*Task brief*
Each line of the records must appear in your answer exactly, with no pictures.

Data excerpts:
= Beginning of Section =
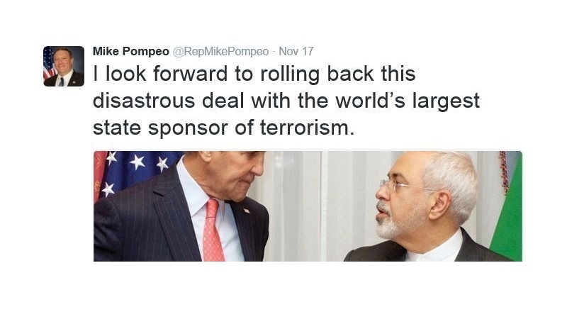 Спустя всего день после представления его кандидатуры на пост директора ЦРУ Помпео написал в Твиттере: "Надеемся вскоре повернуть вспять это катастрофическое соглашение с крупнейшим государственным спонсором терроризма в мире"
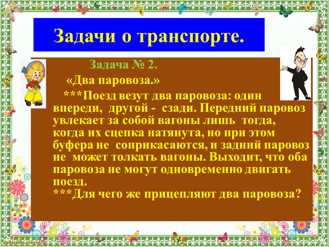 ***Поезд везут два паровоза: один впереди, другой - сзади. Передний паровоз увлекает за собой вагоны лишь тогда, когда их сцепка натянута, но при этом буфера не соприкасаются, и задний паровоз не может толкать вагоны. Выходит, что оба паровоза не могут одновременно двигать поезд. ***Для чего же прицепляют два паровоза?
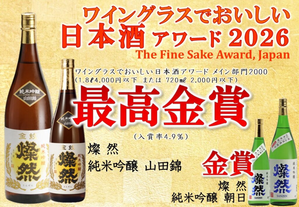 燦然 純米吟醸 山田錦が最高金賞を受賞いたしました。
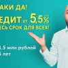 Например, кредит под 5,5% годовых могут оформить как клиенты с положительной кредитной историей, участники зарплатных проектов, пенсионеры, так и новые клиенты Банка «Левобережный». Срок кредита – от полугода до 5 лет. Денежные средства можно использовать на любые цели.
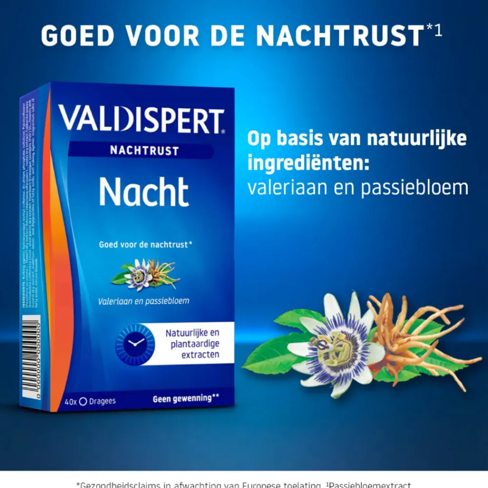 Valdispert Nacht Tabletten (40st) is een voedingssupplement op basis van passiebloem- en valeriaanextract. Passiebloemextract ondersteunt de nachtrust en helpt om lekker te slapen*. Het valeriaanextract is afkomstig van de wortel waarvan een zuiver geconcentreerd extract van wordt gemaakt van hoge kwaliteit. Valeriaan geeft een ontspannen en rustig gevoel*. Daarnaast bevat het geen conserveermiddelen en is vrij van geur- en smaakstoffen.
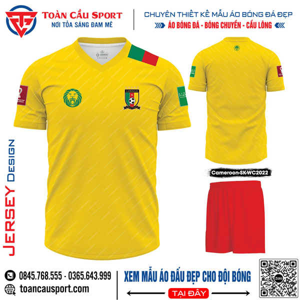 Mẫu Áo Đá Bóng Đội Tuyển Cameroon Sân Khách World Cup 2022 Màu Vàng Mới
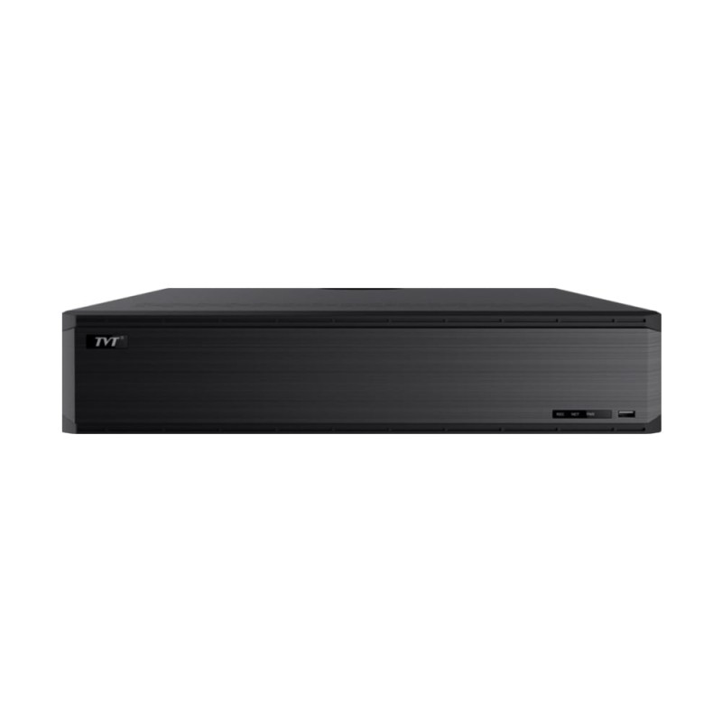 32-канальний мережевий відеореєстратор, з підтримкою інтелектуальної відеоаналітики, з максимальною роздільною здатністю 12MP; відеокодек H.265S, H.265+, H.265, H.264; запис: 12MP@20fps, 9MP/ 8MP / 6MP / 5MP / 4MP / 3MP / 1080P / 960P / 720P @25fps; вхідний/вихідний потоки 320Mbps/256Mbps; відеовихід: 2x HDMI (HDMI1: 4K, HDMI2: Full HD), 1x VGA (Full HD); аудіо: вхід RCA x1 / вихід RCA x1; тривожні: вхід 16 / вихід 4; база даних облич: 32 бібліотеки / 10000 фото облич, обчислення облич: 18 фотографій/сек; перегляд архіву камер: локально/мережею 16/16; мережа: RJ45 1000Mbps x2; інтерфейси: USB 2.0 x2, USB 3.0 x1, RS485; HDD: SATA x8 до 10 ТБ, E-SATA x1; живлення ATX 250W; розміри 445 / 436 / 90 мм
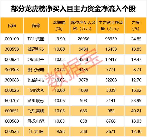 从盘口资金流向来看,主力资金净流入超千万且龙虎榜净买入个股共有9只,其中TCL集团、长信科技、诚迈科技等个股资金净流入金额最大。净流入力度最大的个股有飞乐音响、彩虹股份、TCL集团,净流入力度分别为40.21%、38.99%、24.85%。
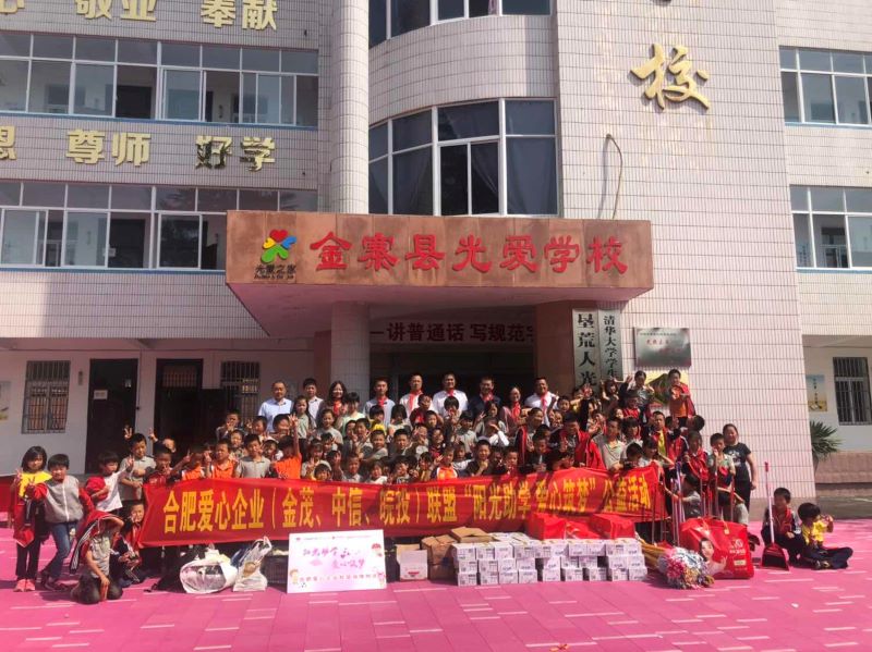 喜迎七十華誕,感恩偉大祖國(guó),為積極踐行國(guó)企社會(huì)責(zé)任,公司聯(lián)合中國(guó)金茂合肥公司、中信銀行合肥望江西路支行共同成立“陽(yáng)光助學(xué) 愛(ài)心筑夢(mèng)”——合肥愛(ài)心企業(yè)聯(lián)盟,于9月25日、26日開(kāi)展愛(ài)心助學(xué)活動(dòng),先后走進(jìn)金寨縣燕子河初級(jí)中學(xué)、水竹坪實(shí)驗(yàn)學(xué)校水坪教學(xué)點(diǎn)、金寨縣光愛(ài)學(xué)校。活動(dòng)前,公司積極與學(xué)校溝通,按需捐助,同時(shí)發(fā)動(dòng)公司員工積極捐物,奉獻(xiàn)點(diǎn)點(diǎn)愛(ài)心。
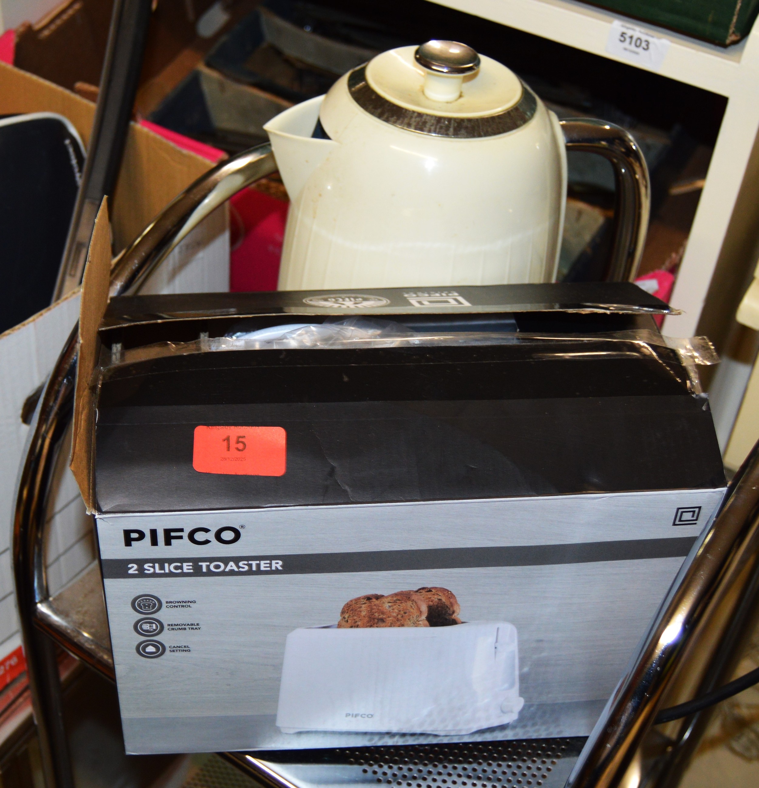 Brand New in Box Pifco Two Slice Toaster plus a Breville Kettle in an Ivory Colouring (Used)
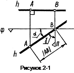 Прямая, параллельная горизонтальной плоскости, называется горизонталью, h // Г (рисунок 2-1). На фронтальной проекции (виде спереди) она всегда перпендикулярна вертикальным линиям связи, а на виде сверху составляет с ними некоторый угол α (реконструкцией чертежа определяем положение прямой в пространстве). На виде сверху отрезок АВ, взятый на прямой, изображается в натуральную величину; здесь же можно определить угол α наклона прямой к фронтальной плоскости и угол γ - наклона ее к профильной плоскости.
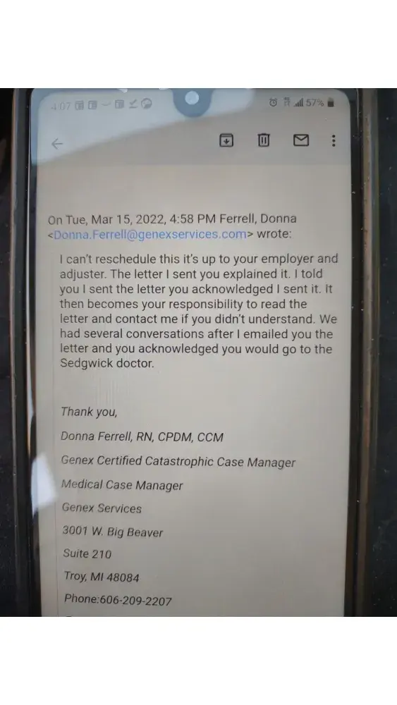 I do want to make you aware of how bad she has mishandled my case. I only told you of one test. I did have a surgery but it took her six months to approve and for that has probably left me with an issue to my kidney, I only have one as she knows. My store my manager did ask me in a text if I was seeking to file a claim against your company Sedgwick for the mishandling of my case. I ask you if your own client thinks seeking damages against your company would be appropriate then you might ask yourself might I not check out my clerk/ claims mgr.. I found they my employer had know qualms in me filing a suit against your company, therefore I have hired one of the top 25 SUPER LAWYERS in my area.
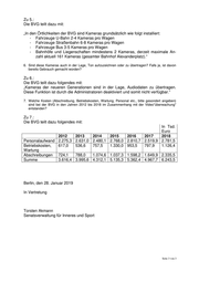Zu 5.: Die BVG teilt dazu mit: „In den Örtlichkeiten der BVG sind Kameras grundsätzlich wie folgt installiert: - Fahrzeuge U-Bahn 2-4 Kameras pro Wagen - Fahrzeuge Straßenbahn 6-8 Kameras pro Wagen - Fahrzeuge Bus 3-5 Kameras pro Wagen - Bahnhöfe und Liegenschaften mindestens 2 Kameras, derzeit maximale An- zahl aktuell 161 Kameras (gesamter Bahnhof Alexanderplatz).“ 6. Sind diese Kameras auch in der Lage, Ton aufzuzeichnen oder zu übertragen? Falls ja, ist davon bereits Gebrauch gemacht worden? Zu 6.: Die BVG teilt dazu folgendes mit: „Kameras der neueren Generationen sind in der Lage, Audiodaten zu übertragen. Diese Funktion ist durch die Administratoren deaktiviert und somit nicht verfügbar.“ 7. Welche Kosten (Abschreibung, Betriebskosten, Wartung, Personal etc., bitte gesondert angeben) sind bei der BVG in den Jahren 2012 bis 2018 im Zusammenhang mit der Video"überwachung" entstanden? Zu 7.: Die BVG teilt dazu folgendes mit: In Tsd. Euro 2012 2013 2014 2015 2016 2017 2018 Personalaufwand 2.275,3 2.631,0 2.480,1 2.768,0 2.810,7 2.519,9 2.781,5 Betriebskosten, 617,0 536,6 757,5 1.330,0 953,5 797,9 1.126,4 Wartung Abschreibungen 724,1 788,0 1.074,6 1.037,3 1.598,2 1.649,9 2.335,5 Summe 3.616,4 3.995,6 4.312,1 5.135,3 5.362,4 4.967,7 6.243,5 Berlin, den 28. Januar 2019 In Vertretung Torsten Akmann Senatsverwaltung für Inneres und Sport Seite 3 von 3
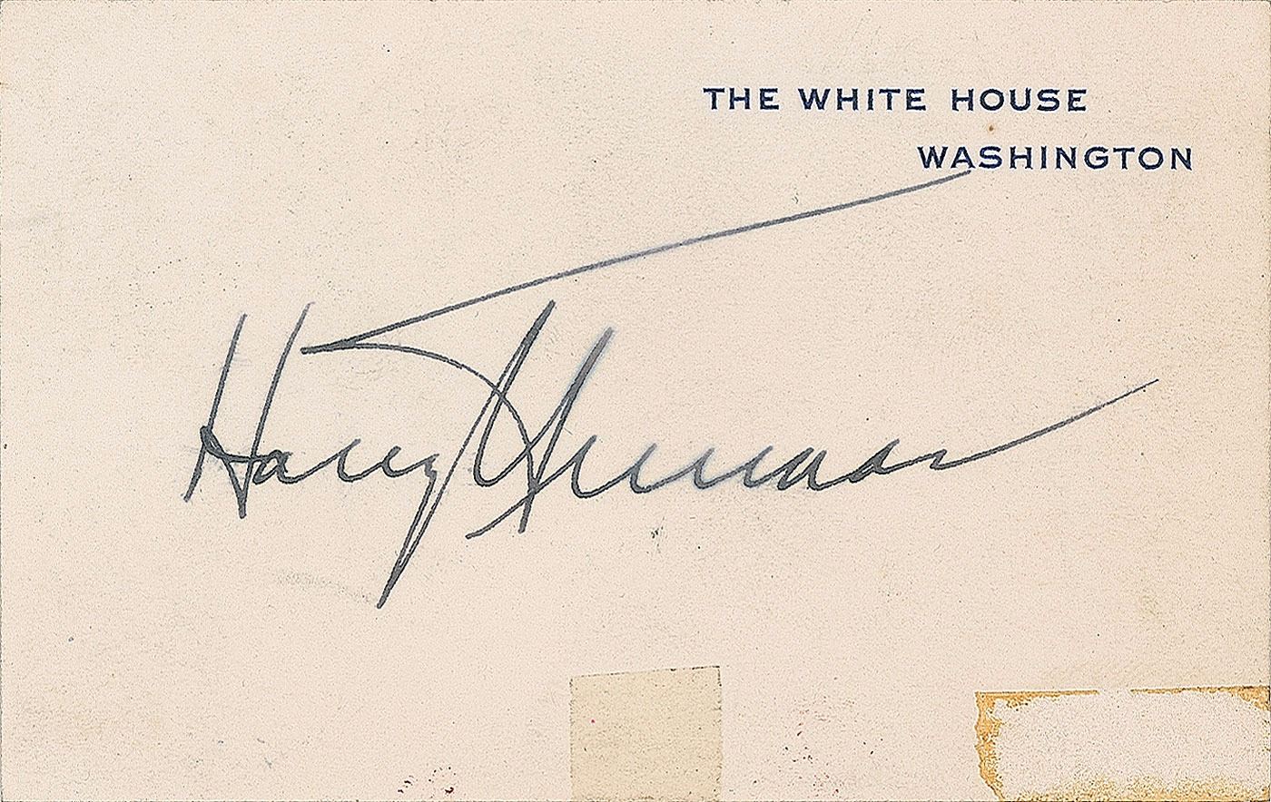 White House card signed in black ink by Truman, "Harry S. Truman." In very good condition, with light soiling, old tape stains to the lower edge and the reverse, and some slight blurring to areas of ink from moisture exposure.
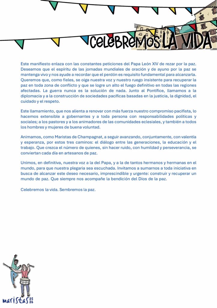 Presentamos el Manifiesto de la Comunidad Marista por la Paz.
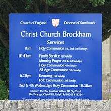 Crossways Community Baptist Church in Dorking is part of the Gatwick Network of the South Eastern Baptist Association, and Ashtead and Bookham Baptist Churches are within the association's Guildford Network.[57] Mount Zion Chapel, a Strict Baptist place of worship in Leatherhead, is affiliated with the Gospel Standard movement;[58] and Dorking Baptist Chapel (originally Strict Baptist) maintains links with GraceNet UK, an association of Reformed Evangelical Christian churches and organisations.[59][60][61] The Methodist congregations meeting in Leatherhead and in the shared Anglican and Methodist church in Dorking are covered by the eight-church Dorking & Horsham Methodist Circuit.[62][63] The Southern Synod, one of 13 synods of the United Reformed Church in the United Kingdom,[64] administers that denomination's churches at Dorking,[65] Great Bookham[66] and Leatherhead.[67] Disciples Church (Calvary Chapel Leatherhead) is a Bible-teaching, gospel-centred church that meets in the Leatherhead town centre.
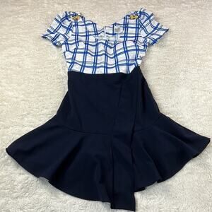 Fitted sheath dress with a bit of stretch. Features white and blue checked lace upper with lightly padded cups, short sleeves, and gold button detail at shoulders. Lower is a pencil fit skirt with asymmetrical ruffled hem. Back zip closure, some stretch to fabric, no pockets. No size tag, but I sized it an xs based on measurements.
= End of Section =
*Response area*
 Спустя всего день после представления его кандидатуры на пост директора ЦРУ Помпео написал в Твиттере: "Надеемся вскоре повернуть вспять это катастрофическое соглашение с крупнейшим государственным спонсором терроризма в мире"
 ***Поезд везут два паровоза: один впереди, другой - сзади. Передний паровоз увлекает за собой вагоны лишь тогда, когда их сцепка натянута, но при этом буфера не соприкасаются, и задний паровоз не может толкать вагоны. Выходит, что оба паровоза не могут одновременно двигать поезд. ***Для чего же прицепляют два паровоза?
 燦然 純米吟醸 山田錦が最高金賞を受賞いたしました。
 Например, кредит под 5,5% годовых могут оформить как клиенты с положительной кредитной историей, участники зарплатных проектов, пенсионеры, так и новые клиенты Банка «Левобережный». Срок кредита – от полугода до 5 лет. Денежные средства можно использовать на любые цели.
 Valdispert Nacht Tabletten (40st) is een voedingssupplement op basis van passiebloem- en valeriaanextract. Passiebloemextract ondersteunt de nachtrust en helpt om lekker te slapen*. Het valeriaanextract is afkomstig van de wortel waarvan een zuiver geconcentreerd extract van wordt gemaakt van hoge kwaliteit. Valeriaan geeft een ontspannen en rustig gevoel*. Daarnaast bevat het geen conserveermiddelen en is vrij van geur- en smaakstoffen.
 Mẫu Áo Đá Bóng Đội Tuyển Cameroon Sân Khách World Cup 2022 Màu Vàng Mới
 32-канальний мережевий відеореєстратор, з підтримкою інтелектуальної відеоаналітики, з максимальною роздільною здатністю 12MP; відеокодек H.265S, H.265+, H.265, H.264; запис: 12MP@20fps, 9MP/ 8MP / 6MP / 5MP / 4MP / 3MP / 1080P / 960P / 720P @25fps; вхідний/вихідний потоки 320Mbps/256Mbps; відеовихід: 2x HDMI (HDMI1: 4K, HDMI2: Full HD), 1x VGA (Full HD); аудіо: вхід RCA x1 / вихід RCA x1; тривожні: вхід 16 / вихід 4; база даних облич: 32 бібліотеки / 10000 фото облич, обчислення облич: 18 фотографій/сек; перегляд архіву камер: локально/мережею 16/16; мережа: RJ45 1000Mbps x2; інтерфейси: USB 2.0 x2, USB 3.0 x1, RS485; HDD: SATA x8 до 10 ТБ, E-SATA x1; живлення ATX 250W; розміри 445 / 436 / 90 мм
 从盘口资金流向来看,主力资金净流入超千万且龙虎榜净买入个股共有9只,其中TCL集团、长信科技、诚迈科技等个股资金净流入金额最大。净流入力度最大的个股有飞乐音响、彩虹股份、TCL集团,净流入力度分别为40.21%、38.99%、24.85%。
 喜迎七十華誕,感恩偉大祖國(guó),為積極踐行國(guó)企社會(huì)責(zé)任,公司聯(lián)合中國(guó)金茂合肥公司、中信銀行合肥望江西路支行共同成立“陽(yáng)光助學(xué) 愛(ài)心筑夢(mèng)”——合肥愛(ài)心企業(yè)聯(lián)盟,于9月25日、26日開(kāi)展愛(ài)心助學(xué)活動(dòng),先后走進(jìn)金寨縣燕子河初級(jí)中學(xué)、水竹坪實(shí)驗(yàn)學(xué)校水坪教學(xué)點(diǎn)、金寨縣光愛(ài)學(xué)校。活動(dòng)前,公司積極與學(xué)校溝通,按需捐助,同時(shí)發(fā)動(dòng)公司員工積極捐物,奉獻(xiàn)點(diǎn)點(diǎn)愛(ài)心。
 Brand New in Box Pifco Two Slice Toaster plus a Breville Kettle in an Ivory Colouring (Used)
 Прямая, параллельная горизонтальной плоскости, называется горизонталью, h // Г (рисунок 2-1). На фронтальной проекции (виде спереди) она всегда перпендикулярна вертикальным линиям связи, а на виде сверху составляет с ними некоторый угол α (реконструкцией чертежа определяем положение прямой в пространстве). На виде сверху отрезок АВ, взятый на прямой, изображается в натуральную величину; здесь же можно определить угол α наклона прямой к фронтальной плоскости и угол γ - наклона ее к профильной плоскости.
 I do want to make you aware of how bad she has mishandled my case. I only told you of one test. I did have a surgery but it took her six months to approve and for that has probably left me with an issue to my kidney, I only have one as she knows. My store my manager did ask me in a text if I was seeking to file a claim against your company Sedgwick for the mishandling of my case. I ask you if your own client thinks seeking damages against your company would be appropriate then you might ask yourself might I not check out my clerk/ claims mgr.. I found they my employer had know qualms in me filing a suit against your company, therefore I have hired one of the top 25 SUPER LAWYERS in my area.
Zu 5.: Die BVG teilt dazu mit: „In den Örtlichkeiten der BVG sind Kameras grundsätzlich wie folgt installiert: - Fahrzeuge U-Bahn 2-4 Kameras pro Wagen - Fahrzeuge Straßenbahn 6-8 Kameras pro Wagen - Fahrzeuge Bus 3-5 Kameras pro Wagen - Bahnhöfe und Liegenschaften mindestens 2 Kameras, derzeit maximale An- zahl aktuell 161 Kameras (gesamter Bahnhof Alexanderplatz).“ 6. Sind diese Kameras auch in der Lage, Ton aufzuzeichnen oder zu übertragen? Falls ja, ist davon bereits Gebrauch gemacht worden? Zu 6.: Die BVG teilt dazu folgendes mit: „Kameras der neueren Generationen sind in der Lage, Audiodaten zu übertragen. Diese Funktion ist durch die Administratoren deaktiviert und somit nicht verfügbar.“ 7. Welche Kosten (Abschreibung, Betriebskosten, Wartung, Personal etc., bitte gesondert angeben) sind bei der BVG in den Jahren 2012 bis 2018 im Zusammenhang mit der Video"überwachung" entstanden? Zu 7.: Die BVG teilt dazu folgendes mit: In Tsd. Euro 2012 2013 2014 2015 2016 2017 2018 Personalaufwand 2.275,3 2.631,0 2.480,1 2.768,0 2.810,7 2.519,9 2.781,5 Betriebskosten, 617,0 536,6 757,5 1.330,0 953,5 797,9 1.126,4 Wartung Abschreibungen 724,1 788,0 1.074,6 1.037,3 1.598,2 1.649,9 2.335,5 Summe 3.616,4 3.995,6 4.312,1 5.135,3 5.362,4 4.967,7 6.243,5 Berlin, den 28. Januar 2019 In Vertretung Torsten Akmann Senatsverwaltung für Inneres und Sport Seite 3 von 3
 White House card signed in black ink by Truman, "Harry S. Truman." In very good condition, with light soiling, old tape stains to the lower edge and the reverse, and some slight blurring to areas of ink from moisture exposure.
 Presentamos el Manifiesto de la Comunidad Marista por la Paz.
 Crossways Community Baptist Church in Dorking is part of the Gatwick Network of the South Eastern Baptist Association, and Ashtead and Bookham Baptist Churches are within the association's Guildford Network.[57] Mount Zion Chapel, a Strict Baptist place of worship in Leatherhead, is affiliated with the Gospel Standard movement;[58] and Dorking Baptist Chapel (originally Strict Baptist) maintains links with GraceNet UK, an association of Reformed Evangelical Christian churches and organisations.[59][60][61] The Methodist congregations meeting in Leatherhead and in the shared Anglican and Methodist church in Dorking are covered by the eight-church Dorking & Horsham Methodist Circuit.[62][63] The Southern Synod, one of 13 synods of the United Reformed Church in the United Kingdom,[64] administers that denomination's churches at Dorking,[65] Great Bookham[66] and Leatherhead.[67] Disciples Church (Calvary Chapel Leatherhead) is a Bible-teaching, gospel-centred church that meets in the Leatherhead town centre.
 Fitted sheath dress with a bit of stretch. Features white and blue checked lace upper with lightly padded cups, short sleeves, and gold button detail at shoulders. Lower is a pencil fit skirt with asymmetrical ruffled hem. Back zip closure, some stretch to fabric, no pockets. No size tag, but I sized it an xs based on measurements.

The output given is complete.